Deswegen muss ich mich übrigens immer maximal facialpalmieren, wenn in der Presse, oder von Leuten die meinen unbedingt eine Meinung haben zu müssen, das Wort „Waffenschein“ im Zusammenhang mit dem Waffenrecht höre. Das sagt mir nämlich sofort, dass diese Personen noch nie einen Blick in das Gesetz, weder in die Verwaltungsvorschrift geworfen haben, oder gar mal auf einem Schießstand waren.

So, ich hoffe diese Hintergrundinformationen zu den Bedürfnis und denen sich daraus ableitenden Erlaubnissen hilft ein wenig das Waffenrecht ein wenig besser zu verstehen. Will wer noch was wissen? Ich blogge gern darüber, Themenvorschläge in die Kommentare.

[Update in Videoform]

5 Kommentare

  1. Die FDP monierte, dass das Gesetz zu mehr Bürokratie und Einschränkungen bei den legalen Waffenbesitzern führe, ohne dass die Sicherheit der Bürger dadurch entscheidend verbessert würde. Auch die CDU schloss sich dieser Meinung an, da den Bürgern von legalen Waffenbesitzern wie Schützen, Jägern und Brauchtumsschützen keine Gefahr drohe. Das große Problem seien die illegalen Waffenbesitzer. Solange der Erwerb und Besitz der deliktrelevanten Gas- und Alarmwaffen weiterhin frei seien, führe der so genannte ‚Kleine Waffenschein‘ nicht zu mehr Sicherheit.

  2. opensourcer

    „Solange der Erwerb und Besitz der deliktrelevanten Gas- und Alarmwaffen weiterhin frei seien, führe der so genannte ‘Kleine Waffenschein’ nicht zu mehr Sicherheit.“

    Genau das Führen derselben ist aber verboten!

    Dei Politik geht wie immer von de irrigen Annahme aus dass Verbote etwas bewirken. Wenn ein Räuber heute eine SRS-Waffe einsetzt, bricht er bereits das WaffG.
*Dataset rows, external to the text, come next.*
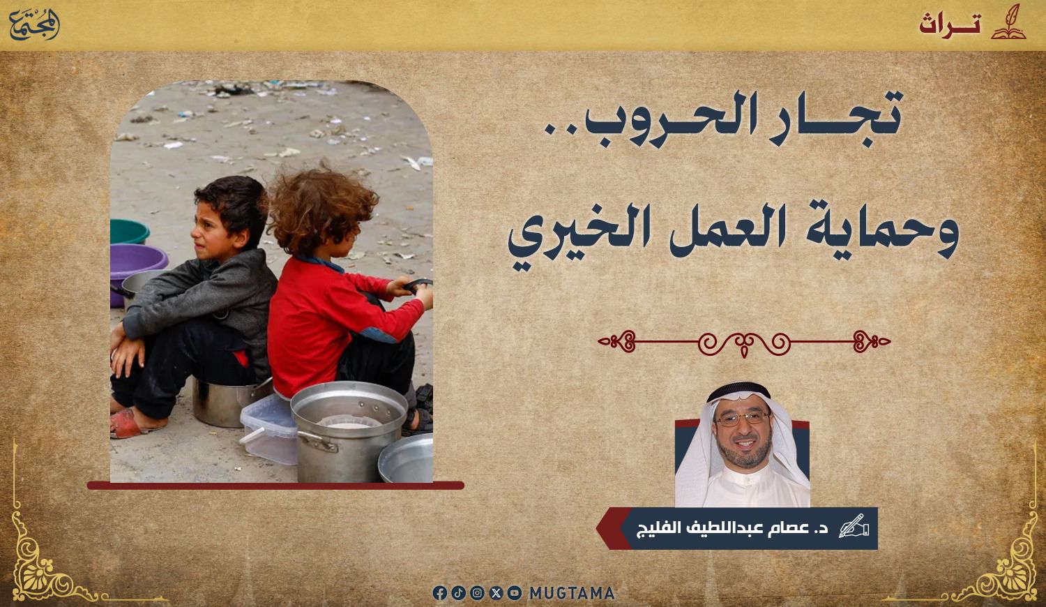 وبالتالي، فالحروب والتجار اسمان لا ينفصلان، وجسمان لا ينقسمان، ودعك من قضية الجانب الإنساني، ويجوز أو لا يجوز، فتاجر الحرب يعمل بمليار دولار بصمت، ويتبرع بمليون دولار للأعمال الخيرية، ويدفع مثلها للدعاية الإعلامية لها!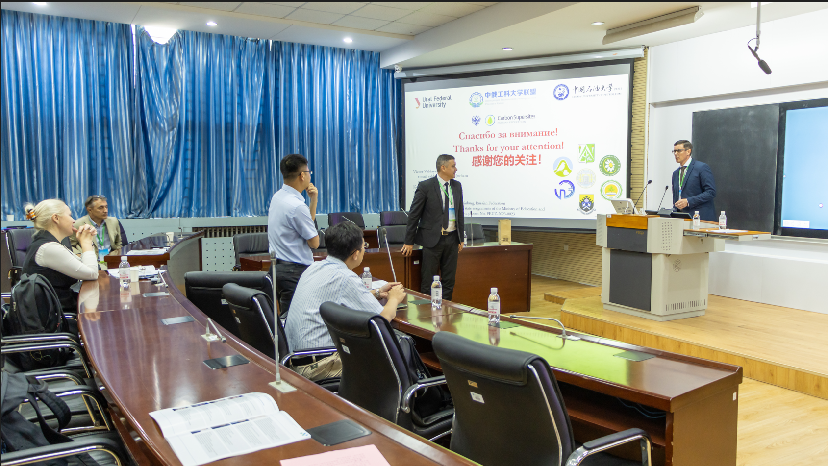 会议期间,公司承办了绿色化工与环境保护分论坛,由公司副经理曾景斌教授和乌拉尔联邦大学Pavel Pershin教授共同主持。来自哈尔滨工业大学的周伟星教授、乌拉尔联邦大学Pavel Pershin教授、MK体育官网胡涵教授、莫斯科动力大学Evgenii Ignatev教授、彼尔姆国立研究理工大学Elena Kalinina教授、天津大学高鑫教授、乌拉尔联邦大学Victor Valdayskikh教授和北京化工大学冯超博士等8位学者分别做了题为“Clean Combustion and pollution Control of Hydrocarbon Fuel”、“Made in UrFU: Ural Federal University's progress in hydrogen energy”、”Operando Characterization of Energy Materials based on Electron Spin、”Software package for wind energy calculations“Wind Turbine””、“Biological sequestration during landscaping of the sanitary protection zone”、”Understanding of microwave-inducedhot-spot behaviour for innovation of chemical separation method”、“Organization of a monitoring system for carbon greenhouse gases and assessing the carbon budget of taiga communities at the Ural Federal University of the enterprise”、“Efficient capture and resource utilization of carbon dioxide in iron and steel industry”做了主题报告,与会专家围绕碳氢燃料的清洁利用、氢能的储存与利用、二氧化碳捕集与资源化等主题进行了深入的交流。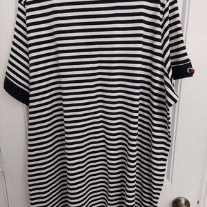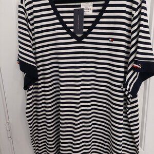 Blue and white striped casual plus size dress. Short sleeved, v neck dress. Tommy Hilfiger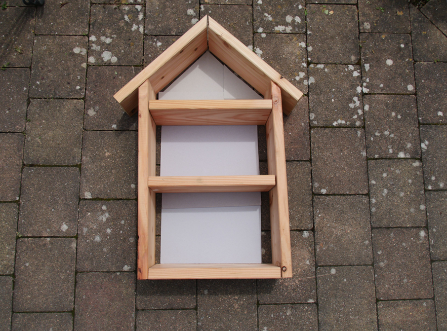 Die dreieckige Rückwand wird in die obere Nut gesetzt und das Dach aus dem vorherigen Schritt aufgesetzt.

    Werden die SRS_Waffen erlaubnispflichtig wird der Räuber weiter eine, dann illegale, SRS-Waffe verwenden oder aber auf eine ebenfalls illegale scharfe Waffe ausweichen.

    Der Dumme ist immer wieder der Normalbürger……

  3. Mickschas

    Hallo,
    mal eine Frage:
    gibt es eine Vorlage für ein Bedüfnissnachweis oder kann mir jemand sowas erstellen?
    Denn die Formulierung ist dort wichtig, so wurte es mir gesagt.

  4. Sportschütze

    Ich empfehle immer die Formularversion zu verwenden, die auf der Webseite der Behörde als Download bereitgestellt wird, da es da schon bei dem falschen Logo hin und wieder zu Problemen kommt und die Formulare der Verbände von einigen Behörden nicht anerkannt werden weil die keine Lust haben die Formulare inhaltlich zu vergleichen. Habe da schon einige solcher Erfahrungen mitbekommen und auch schon selber erlebt.